Очень ясно, что, когда мы спрашиваем о реальном времени какого-либо события или спрашиваем, как долго длилась серия таковых, мы всегда ищем ответ в чем-то, что произошло во внешнем мире. Прохождение звезды через меридиан, положение солнца над горизонтом, дуга, которую описала луна с момента нашего последнего наблюдения, движение стрелок часов, количество песка, которое упало в песочных часах, — эти вещи и подобные им являются индикаторами реального времени. Могут быть индикаторы иного рода; мы можем решить, что полдень, потому что мы голодны, или полночь, потому что мы устали; мы можем утверждать, что проповедник, должно быть, говорил больше часа, потому что он совершенно утомил терпение прихожан.
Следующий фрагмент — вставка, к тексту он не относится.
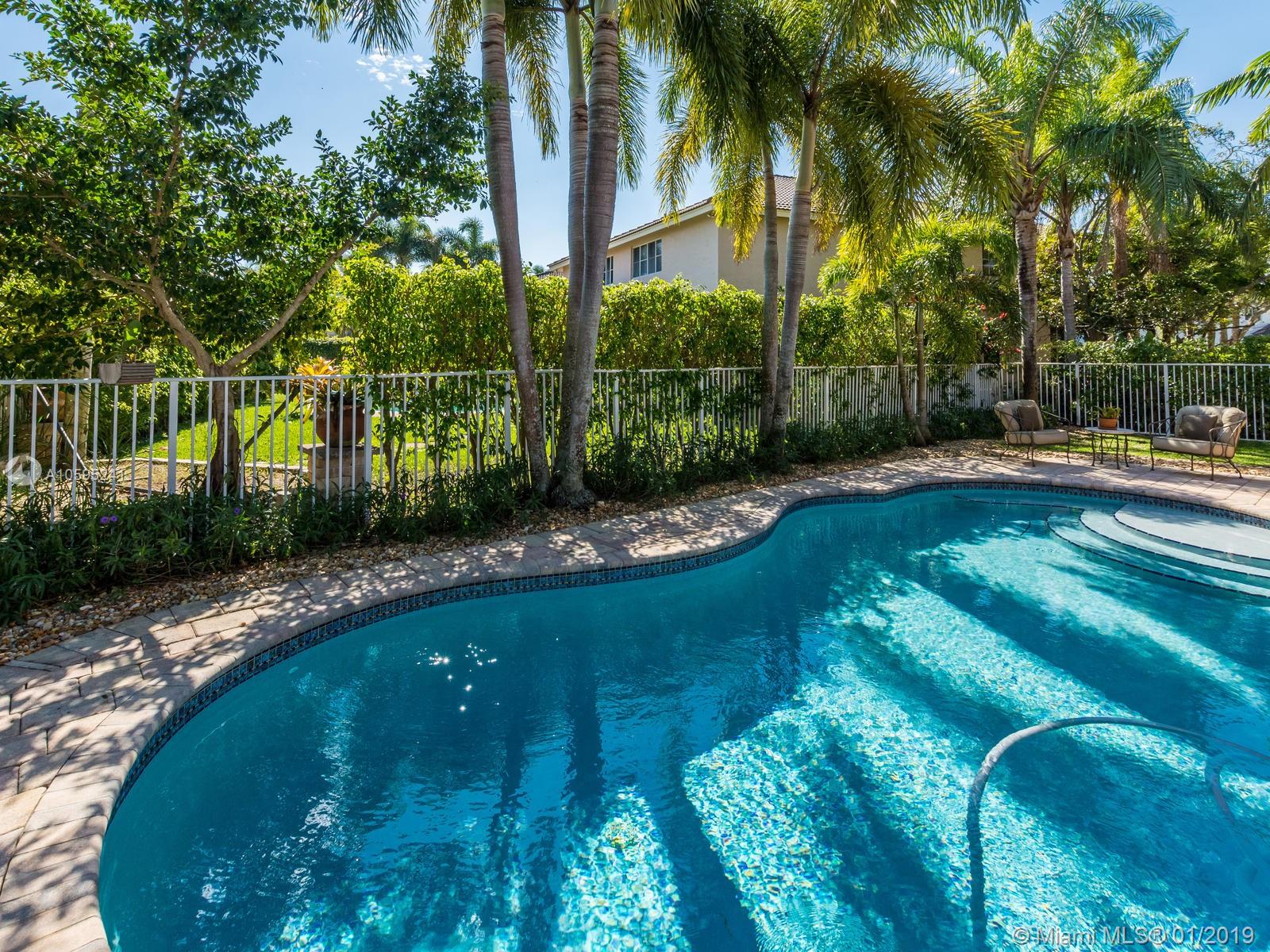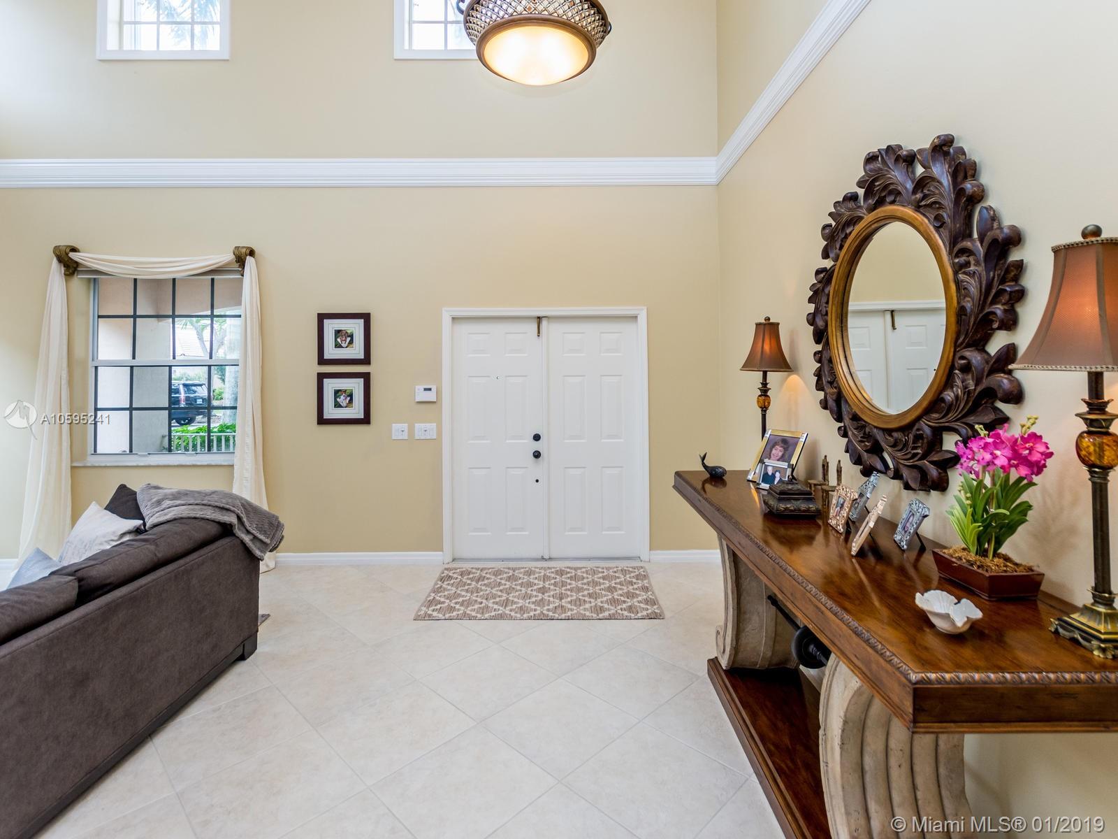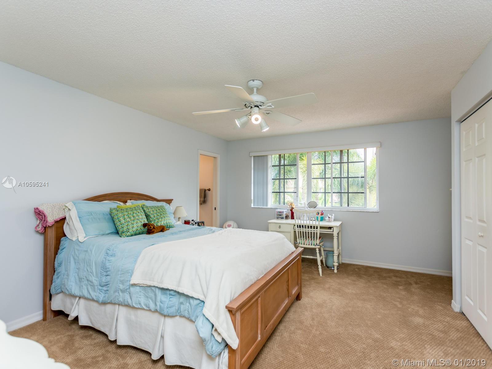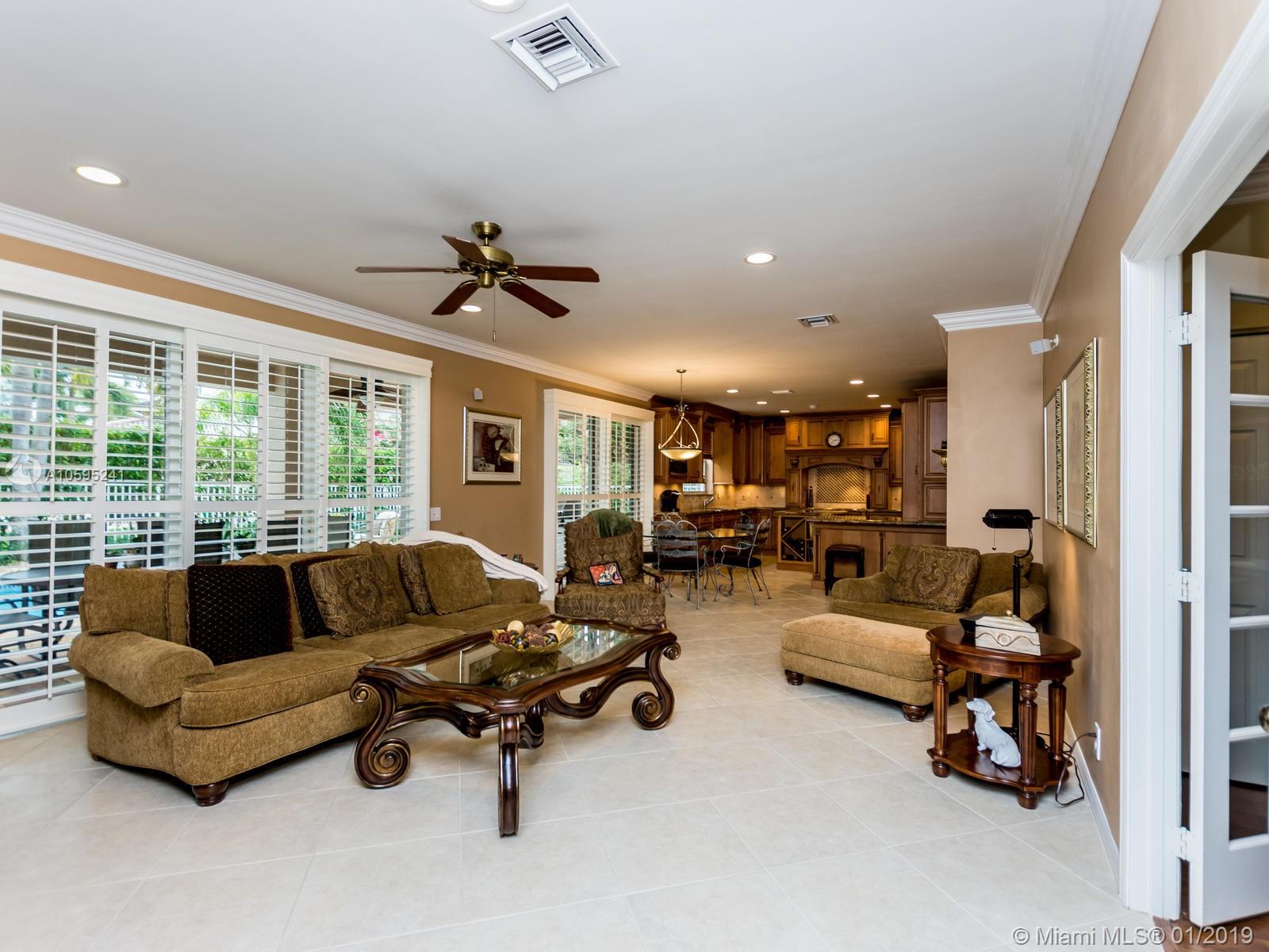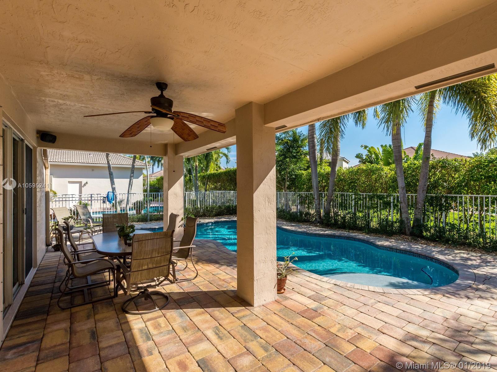 Pristine 6 bedroom/4 bath light and bright home with newer roof (2006) and new AC units (2017). Two story foyer, crown molding, neutral porcelain diagonal tile flooring, wood floor foyer and downstairs bedroom and upgraded carpeting in bedrooms/stairs. Stunning custom kitchen w/ granite, double oven, wood cabinets and top of line stainless steel appliances- perfect for cooking and entertaining. Open floor plan from kitchen to large family room w/ plantation shutters and adjacent bedroom w/ French doors. Grand master bedroom w/ updated master bathroom plus 4 large bedrooms incl. two with Jack & Jill bathroom. Tranquil backyard with covered patio, salt chlorinated pool and newer diamond brite. 2nd story has accordion hurricane shutters/first floor panels. Great neighborhood and A+ schools.
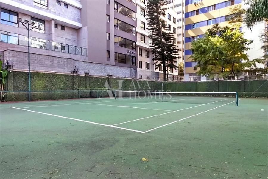 O condomínio oferece lazer completo, com infraestrutura impecável que inclui academia equipada, piscina coberta, quadra de tênis, salão de festas, salão de jogos, playground e sauna. A unidade conta ainda com central térmica para aquecimento dos chuveiros e ar-condicionado em todos os quartos, closets e na sala de estar.
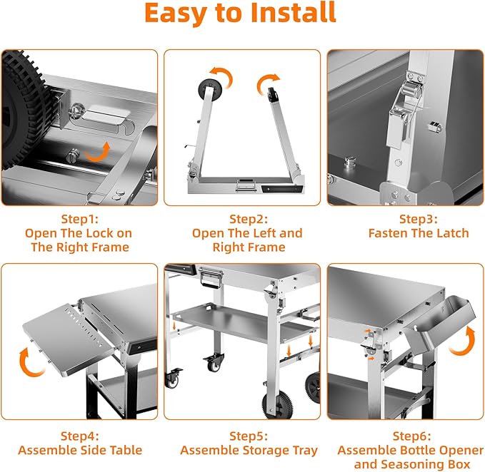 - MOBILITY AND STABILITY: Our grill carts with wheels is equipped with two swivel casters with brakes to enhance mobility and stability. Whether you're hosting a barbecue in the backyard or a party indoors, you can easily move the cart into place and lock it securely in place
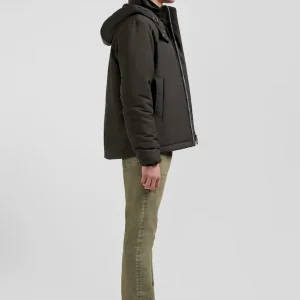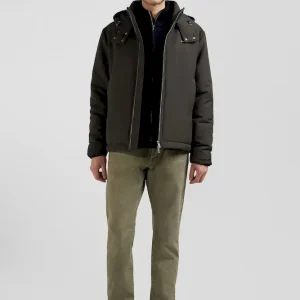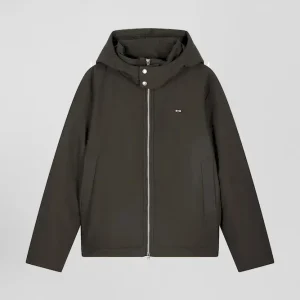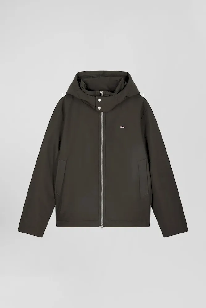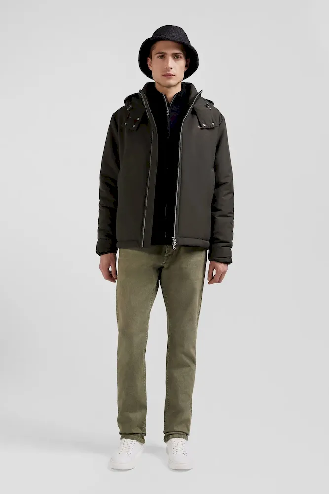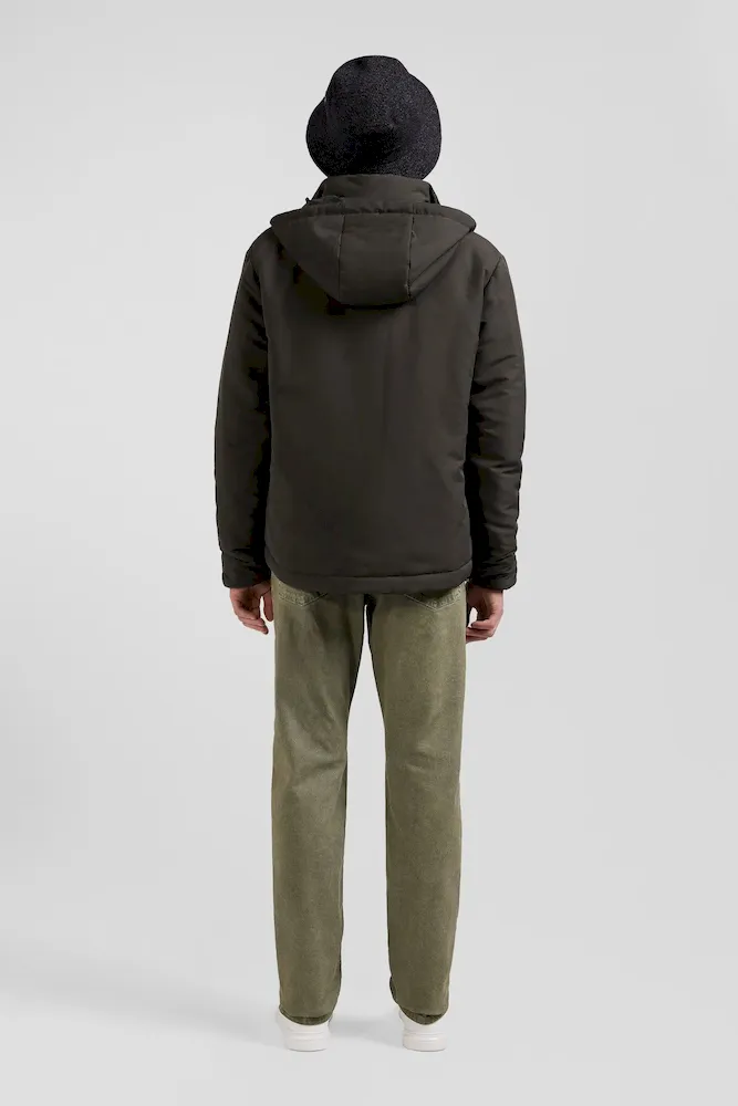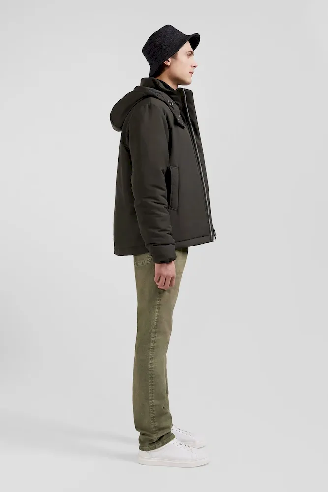 Découvrez l’alliance parfaite de fonctionnalité et de style avec ce blouson en nylon au toucher peau de pêche. Complété par une capuche fixe à fermeture pression et une doublure nylon unie, ce blouson homme assure confort et protection. Son zip double curseur siglé et ses poches passepoilées s’associent à deux poches intérieures zippées pour une praticité maximale. Les manches sont rehaussées de bords-côtes tricotés.
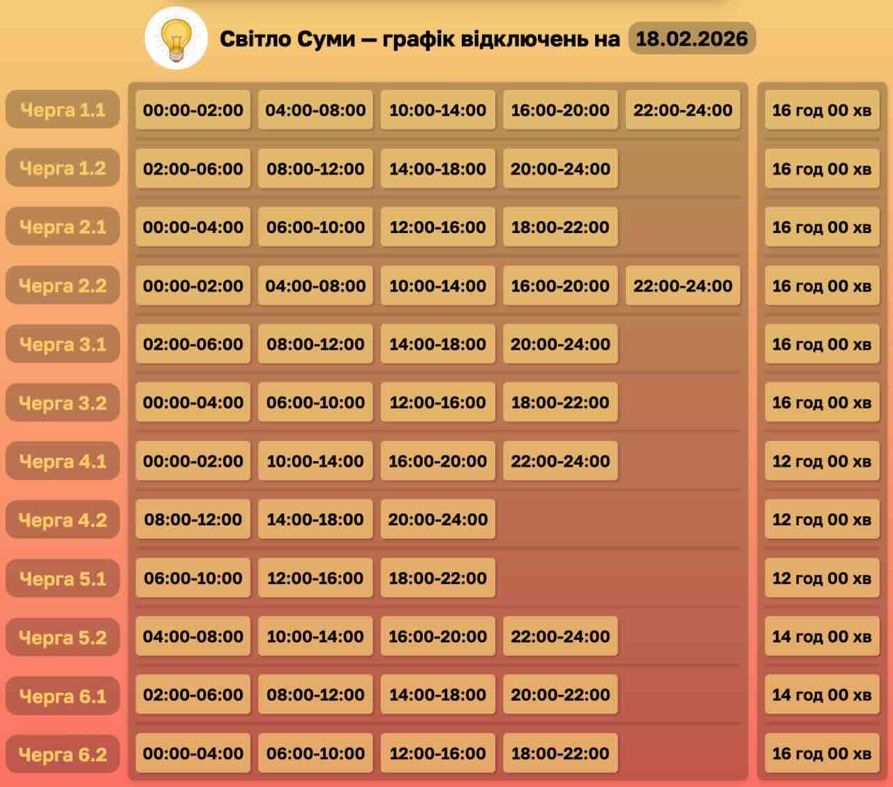 Для мешканців Сумської області опублікували графік відключень електроенергії на 18 лютого 2026 року.
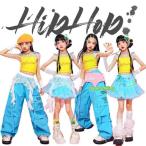 キッズ ダンス衣装 ティアードスカート カーゴパンツ スカート キャミソール ブルー ピンク セットアップ 子供服 ブルー ジャズ パンツ k-pop ヒップホップ 応援
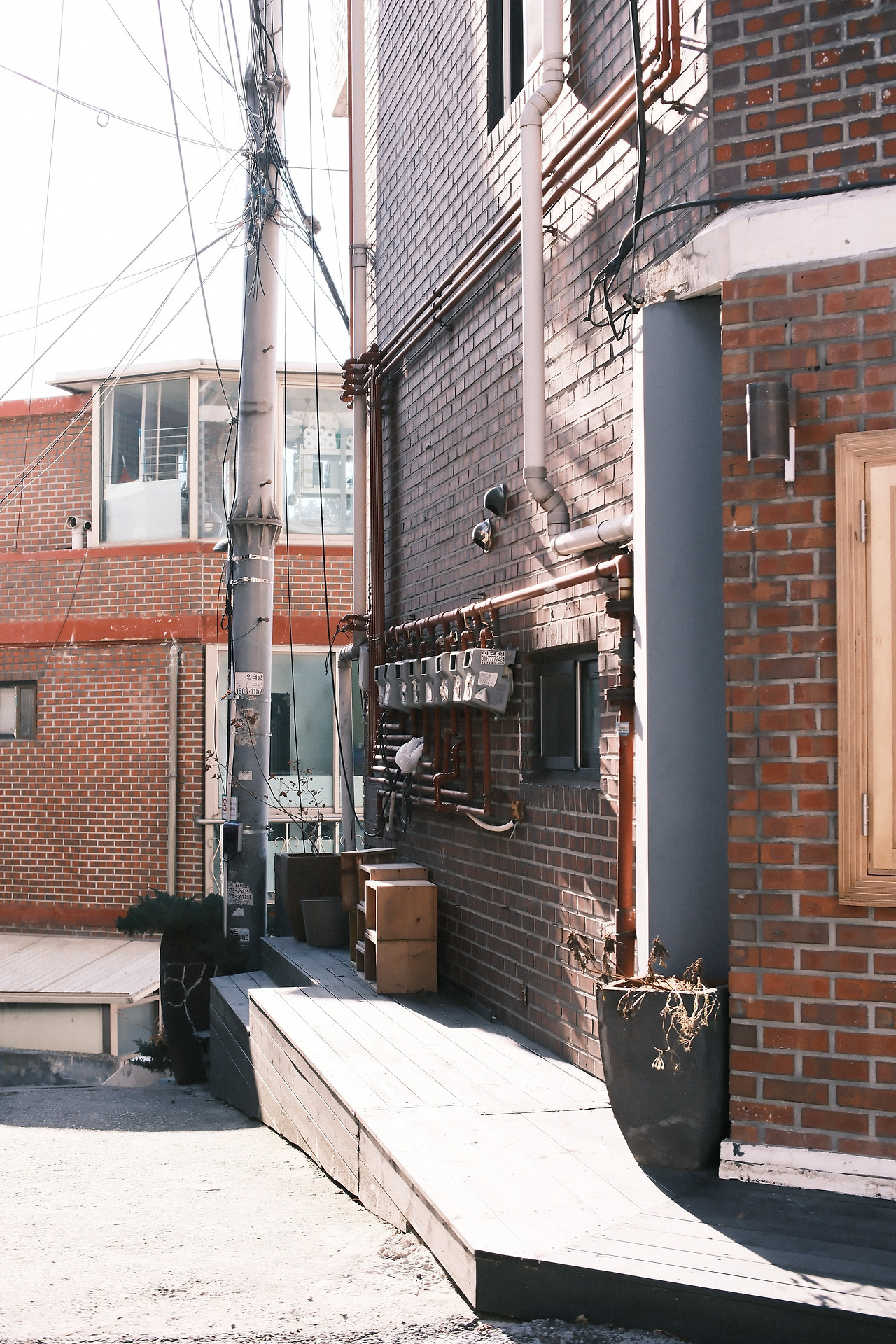 가스관이 건물 외벽을 타고 질서정연하게 기어오르는 모습이 참 신기하지 않나요. 벽을 따라 이리저리 굽이치는 이런저런 관들과 연통을 구경하면 작은 건물 한 채를 짓는다고 해도 정말 많은 요소들이 필요하다는 걸 알게 됩니다.

Это более или менее ненадежные знаки истечения времени, но их нельзя рассматривать как опыты прохождения времени, ни кажущегося, ни реального.

Таким образом, мы видим, что реальное пространство и реальное время — это план мировой системы. Они не являются вещами какого-либо рода, и их не следует принимать за вещи. Они не познаются независимо от вещей, хотя, когда мы однажды получили опыт вещей и их изменений, мы можем путем абстрагирования от самих вещей сосредоточить наше внимание на их расположении и на порядке их изменений. Мы можем делить и подразделять пространства и времена без особого обращения к вещам. Но мы никогда не должны забывать, что нам никогда не пришло бы в голову сделать это, более того, что вся процедура была бы абсолютно бессмысленной для нас, если бы реальный мир не открывался в нашем опыте таким, какой он есть.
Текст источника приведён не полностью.